As I say, the illegitimate child is the filius nullius. He is, in theory, the child of no one, not having, I believe, at one time—whether or not it is still in existence I do not know—even the right to take his mother's name. His rights in relation to the natural father are minimal, if not non-existent. The right of support is curtailed by restrictive affiliation legislation, and the rights of succession to the father's property, as I have already said, including those given to a legitimate child under the 1965 Succession Act, do not extend to illegitimate children. The Minister may correct me on that.
In fairness, we must say that that legislation was introduced in 1965, and we are talking almost ten years later. Social thinking changes, and we in this House should reflect in legislation new thinking and greater social awareness. If I may respectfully refer to the 1937 Constitution, that Constitution, as interpreted by the courts, also appears to put the illegitimate beyond the pale by confining the family rights mentioned in Article 41 to the family based on marriage.
Do not think that in any way I am challenging marriage. I believe in the sanctity and the absoluteness of marriage.

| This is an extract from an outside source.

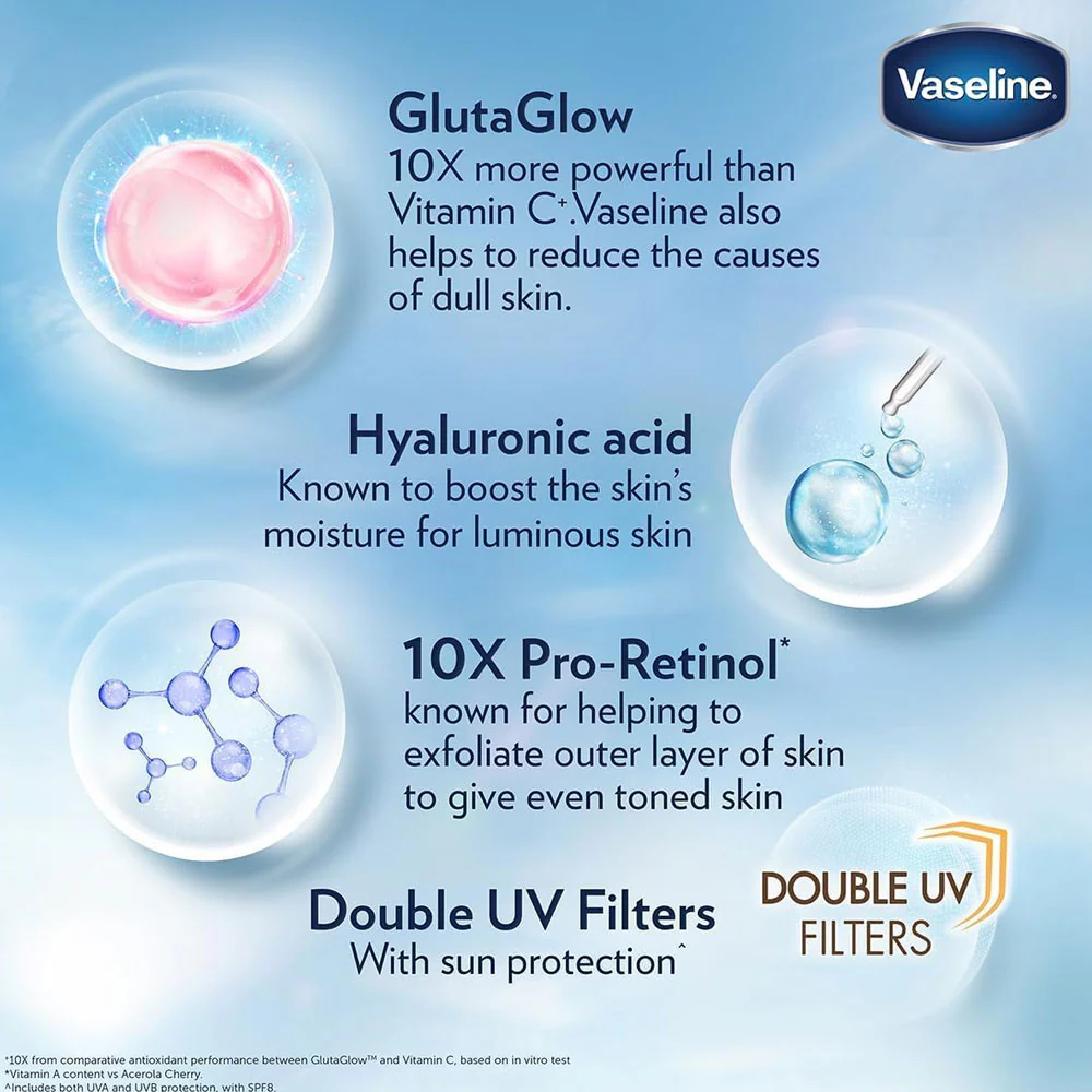 Transform dull, uneven skin with Vaseline Even Tone Body Lotion powered by 10X Gluta-Hya technology. This advanced body lotion is designed to deeply hydrate while helping to visibly improve skin tone, clarity, and radiance with regular use.
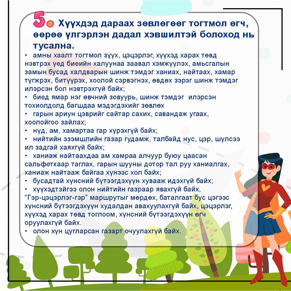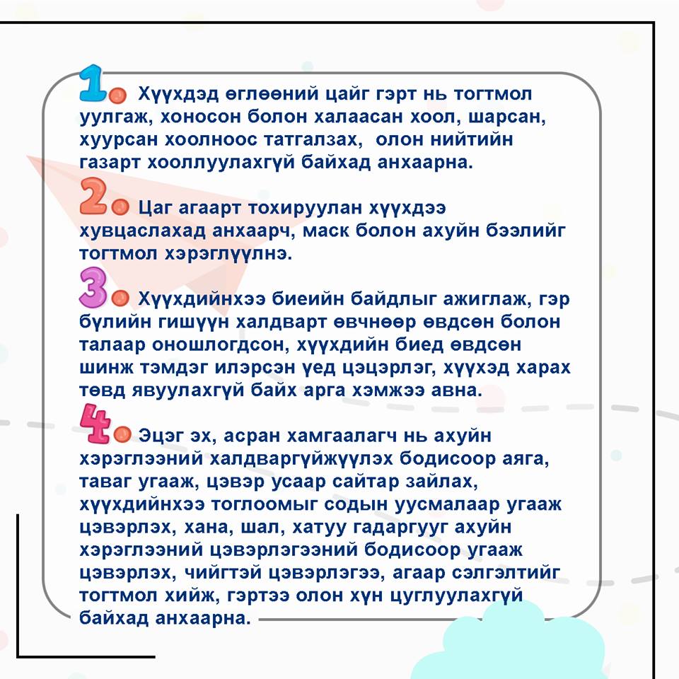 ГАДУУР САМАР ЗАРААД ХҮҮХДҮҮД НЬ БОХИР ГАРААРАА ЦӨМӨӨД ШҮЛСТЭЙ ГАРААРАА БҮХ ЗҮЙЛИЙГ БАРИАД ПАРТАН ДОР НЬ САСРНЫ ЯС БАЙДАГ6 ТЭР ҮЗЭГДЭЛ ДАВТАГДАХ ЮМ БОЛ МАСК ЗҮҮГЭЭД Ч НЭМЭР АЛГА6 ЕР НЬ ХИЛЭЭ НЭЭХГҮЙ БАЙСАН ДЭЭР БОЛЖ БАЙНА ХӨДӨӨНИЙ АЙЛЫН ХҮҮХДҮҮД АРИУН ЦЭВЭР САХИН ГЭЖ БАЙХ Ч ҮГҮЙ6 ТИЙМ СОЁЛ УГААС ЭЗЭМШЭЭГҮЙ. ЭЗЭМШИН ҮНДЭС Ч АЛГА.

But those of us who have been privileged to be married or who were fortunate enough not to find themselves in the situation of illegitimacy might remember that we are not legislating in this House for one section of the community to the detriment of another. We have an obligation to legislate for the whole community. We have an even greater obligation to the less well-off sections of the community than we have to the better-off sections. If we base the social legislation for which we are calling on this side of the House on that concept, then I do not think we shall have any difficulty at all. We must give a lead in this House on the social legislation which is required.
I know I have 15 minutes to reply to the debate and I shall certainly use it, but can the Minister state whether there is in existence within the Department of Justice a unit specifically dealing with the area of legislation required by this motion, and if not would he not think it would be a good idea to gather from within the whole Civil Service a number of people concerned and interested enough within his Department and set up a special law reform unit in the area of child care and family law reform generally and, in addition, induct into that unit highly qualified people expert in the matters we are discussing, giving them a contract on a short-term basis until such time as the legislation is produced?
Can the Minister say what the Government's intentions are in relation to the production of the kind of legislation indicated by this motion? What type of legislation has the Minister got within his Department? What is the form of it and when can we expect the legislation to come before the House? Those are just some matters with which I would like the Minister to concern himself when he comes to speak. Can the Minister show his mind on his law reform programme in the context of deserted wives, illegitimate children, child care generally and matrimonial problems?
The Minister for Justice and Deputy Haughey rose.